Fast Asynchronous Parallel Stochastic Gradient Decent
Shen-Yi Zhao, Wu-Jun Li

TL;DR
This paper introduces AsySVRG, a fast asynchronous parallel stochastic gradient descent method that improves convergence and efficiency over existing methods like Hogwild! for large-scale machine learning tasks.
Contribution
The paper proposes AsySVRG, an asynchronous parallel SGD algorithm that combines SVRG with an innovative asynchronous strategy, enhancing performance in large-scale settings.
Findings
AsySVRG outperforms Hogwild! in convergence rate.

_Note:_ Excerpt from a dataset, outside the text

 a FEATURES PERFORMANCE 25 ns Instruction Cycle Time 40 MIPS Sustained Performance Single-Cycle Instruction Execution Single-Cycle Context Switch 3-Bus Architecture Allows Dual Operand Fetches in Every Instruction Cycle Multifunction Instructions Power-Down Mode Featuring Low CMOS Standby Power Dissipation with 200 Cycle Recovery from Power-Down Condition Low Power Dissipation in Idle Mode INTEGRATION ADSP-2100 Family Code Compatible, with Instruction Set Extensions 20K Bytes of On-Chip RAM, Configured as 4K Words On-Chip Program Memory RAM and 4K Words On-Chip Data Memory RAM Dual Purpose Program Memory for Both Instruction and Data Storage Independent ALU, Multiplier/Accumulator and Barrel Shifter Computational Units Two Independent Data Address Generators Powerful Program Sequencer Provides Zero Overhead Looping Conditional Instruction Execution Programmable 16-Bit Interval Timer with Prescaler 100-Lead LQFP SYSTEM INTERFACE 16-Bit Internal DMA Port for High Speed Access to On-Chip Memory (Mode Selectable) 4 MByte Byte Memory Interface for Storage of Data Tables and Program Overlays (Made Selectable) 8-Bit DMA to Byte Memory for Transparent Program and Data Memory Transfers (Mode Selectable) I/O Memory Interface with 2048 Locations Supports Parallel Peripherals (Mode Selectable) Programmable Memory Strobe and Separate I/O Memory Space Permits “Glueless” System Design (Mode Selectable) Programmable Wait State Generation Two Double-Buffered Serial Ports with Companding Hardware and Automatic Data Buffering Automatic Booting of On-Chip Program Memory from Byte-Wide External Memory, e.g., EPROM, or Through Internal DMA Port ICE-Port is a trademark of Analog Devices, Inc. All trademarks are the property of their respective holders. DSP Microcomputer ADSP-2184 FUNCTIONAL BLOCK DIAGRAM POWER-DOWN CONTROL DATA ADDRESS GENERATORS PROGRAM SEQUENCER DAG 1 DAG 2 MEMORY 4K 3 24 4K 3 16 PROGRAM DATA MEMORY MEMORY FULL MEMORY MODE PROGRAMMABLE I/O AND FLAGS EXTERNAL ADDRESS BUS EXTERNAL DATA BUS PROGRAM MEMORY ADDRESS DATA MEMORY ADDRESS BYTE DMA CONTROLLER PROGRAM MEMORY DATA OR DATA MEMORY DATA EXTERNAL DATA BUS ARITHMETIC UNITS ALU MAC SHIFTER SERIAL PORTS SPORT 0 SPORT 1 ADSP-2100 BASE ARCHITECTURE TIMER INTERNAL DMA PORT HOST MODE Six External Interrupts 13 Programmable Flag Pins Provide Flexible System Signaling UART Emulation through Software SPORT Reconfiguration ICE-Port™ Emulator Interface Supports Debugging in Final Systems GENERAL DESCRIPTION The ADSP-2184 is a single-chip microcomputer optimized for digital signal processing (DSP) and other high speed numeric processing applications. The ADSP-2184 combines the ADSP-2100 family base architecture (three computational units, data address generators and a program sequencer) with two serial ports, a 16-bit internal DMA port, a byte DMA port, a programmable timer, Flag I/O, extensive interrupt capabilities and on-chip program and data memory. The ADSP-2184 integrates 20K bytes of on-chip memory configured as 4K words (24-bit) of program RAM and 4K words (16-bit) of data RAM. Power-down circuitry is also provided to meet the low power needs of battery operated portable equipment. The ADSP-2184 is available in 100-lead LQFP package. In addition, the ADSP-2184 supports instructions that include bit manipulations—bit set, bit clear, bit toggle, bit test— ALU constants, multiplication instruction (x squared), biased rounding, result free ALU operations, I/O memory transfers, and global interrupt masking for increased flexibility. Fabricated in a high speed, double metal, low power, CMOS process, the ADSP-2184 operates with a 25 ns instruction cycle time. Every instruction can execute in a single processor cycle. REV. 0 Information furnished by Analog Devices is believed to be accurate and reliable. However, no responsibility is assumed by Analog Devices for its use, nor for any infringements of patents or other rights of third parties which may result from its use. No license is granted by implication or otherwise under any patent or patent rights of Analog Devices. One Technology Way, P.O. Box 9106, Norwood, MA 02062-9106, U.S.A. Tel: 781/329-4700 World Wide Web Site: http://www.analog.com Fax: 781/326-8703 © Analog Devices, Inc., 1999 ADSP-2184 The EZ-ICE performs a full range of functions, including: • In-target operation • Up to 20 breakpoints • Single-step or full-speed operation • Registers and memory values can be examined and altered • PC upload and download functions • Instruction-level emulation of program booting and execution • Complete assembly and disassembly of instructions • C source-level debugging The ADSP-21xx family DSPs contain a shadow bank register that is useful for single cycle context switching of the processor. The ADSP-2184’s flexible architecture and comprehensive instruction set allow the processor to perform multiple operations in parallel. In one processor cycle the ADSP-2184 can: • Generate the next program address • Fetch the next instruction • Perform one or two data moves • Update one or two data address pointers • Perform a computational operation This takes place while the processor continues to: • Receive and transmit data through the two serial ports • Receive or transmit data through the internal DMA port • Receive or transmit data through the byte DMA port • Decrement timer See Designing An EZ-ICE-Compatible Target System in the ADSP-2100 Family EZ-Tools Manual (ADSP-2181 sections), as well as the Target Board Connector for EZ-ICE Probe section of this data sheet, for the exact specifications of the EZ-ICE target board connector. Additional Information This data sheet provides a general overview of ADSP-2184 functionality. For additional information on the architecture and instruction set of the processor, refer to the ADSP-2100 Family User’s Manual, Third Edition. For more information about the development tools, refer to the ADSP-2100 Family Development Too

AsySVRG reduces computation cost compared to existing methods.
Theoretical analysis confirms faster convergence of AsySVRG.
Abstract
Stochastic gradient descent~(SGD) and its variants have become more and more popular in machine learning due to their efficiency and effectiveness. To handle large-scale problems, researchers have recently proposed several parallel SGD methods for multicore systems. However, existing parallel SGD methods cannot achieve satisfactory performance in real applications. In this paper, we propose a fast asynchronous parallel SGD method, called AsySVRG, by designing an asynchronous strategy to parallelize the recently proposed SGD variant called stochastic variance reduced gradient~(SVRG). Both theoretical and empirical results show that AsySVRG can outperform existing state-of-the-art parallel SGD methods like Hogwild! in terms of convergence rate and computation cost.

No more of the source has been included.